The amount of memory used by the WiredTiger cache is controlled by the cache_size
configuration parameter, which defaults to 100 MB. (Note that MongoDB sets the cache size, by default, to be half the size of RAM.) WiredTiger does not explicitly manage this memory, relying instead on the C memory allocator to acquire and free memory as needed. Since the cache is allocated from the heap, evicting data from the cache simply returns the memory to the allocator; it does not reduce the application's memory footprint.
The WiredTiger cache is only used for Btree data, including associated in-memory structures such as indexes, insert lists, and update chains. Other WiredTiger data structures, such as dhandles, cursors, and sessions, are not considered part of the cache and do not count against the cache size. Similarly, memory used to read in and write out the on-disk representations of Btree pages is not cached; it is only allocated temporarily during the I/O operation and while the data is converted to or from the on-disk format.
WiredTiger supports sharing a single cache among multiple databases within a process.
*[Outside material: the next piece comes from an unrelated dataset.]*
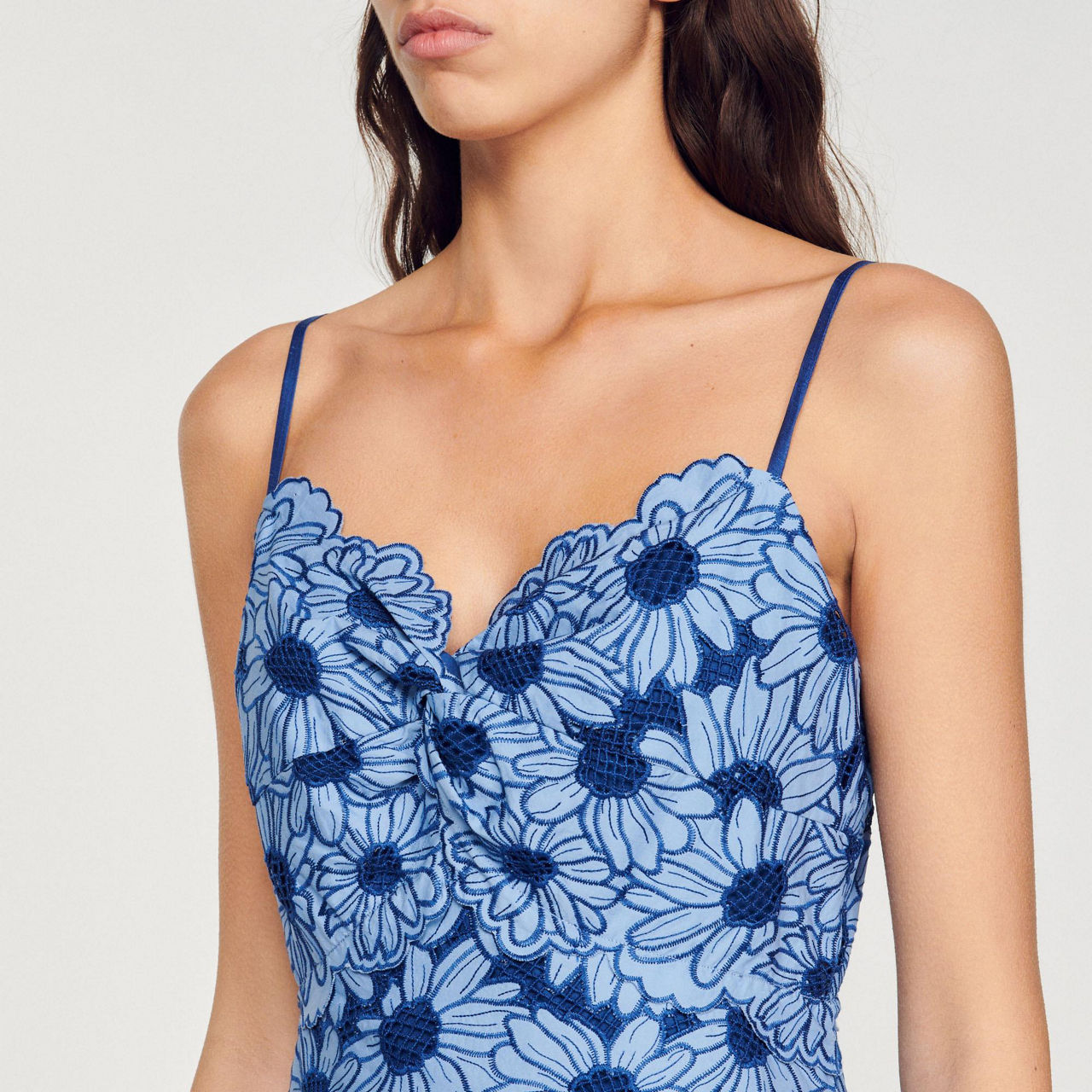 - Daisy guipure, flared skirt, adjustable narrow straps, twisted neckline, tie fastening at the back, back ties
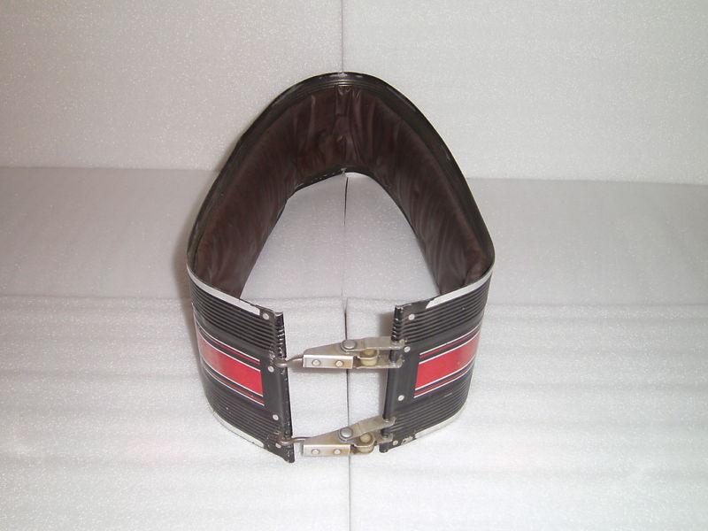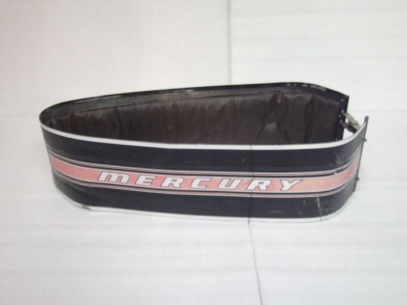 One used Mercury Outboard Motor wrap around cowling. This one has a red and silver stripes back is printed 350. The height is 6" tall, lenght front to back is 21". Both front latches are in good working condition. Inside padding is in good condition no rips. Shows what I call normal wear scratches does have a few spots bent out of shape. Those could be bent back nothing bad. It may look out of shape in the picture but with out being attached to a motor there is nothing to hole it in shape.

Normally if a process opens connections to multiple different databases, each connection would use a separate fixed-size cache. With a shared cache, WiredTiger dynamically partitions a fixed amount of cache space between participating connections.
When shared caching is enabled, WiredTiger creates a cache pool server thread to manage the shared cache. It also allocates a global WT_CACHE_POOL
structure, which stores settings and statistics for the shared cache. These settings include a minimum and maximum cache size for connections participating in the shared cache.
The cache pool server thread wakes up periodically and adjusts the sizes of the individual per-connection caches. Adjustments are based on a pressure metric for each cache computed using a weighted average of the amount of data read into the cache (i.e., cache misses) and how often applications threads have evicted data from the cache or waited while performing eviction. If a cache has higher pressure than average and is not yet at the maximum size, WiredTiger grows that cache. Conversely, if a cache has low pressure, WiredTiger shrinks it, subject to the minimum cache size. To change the size of a cache, the cache pool server simply changes the cache size parameters in the corresponding WT_CACHE
structure. WiredTiger's eviction code will adjust the amount of data in the cache accordingly.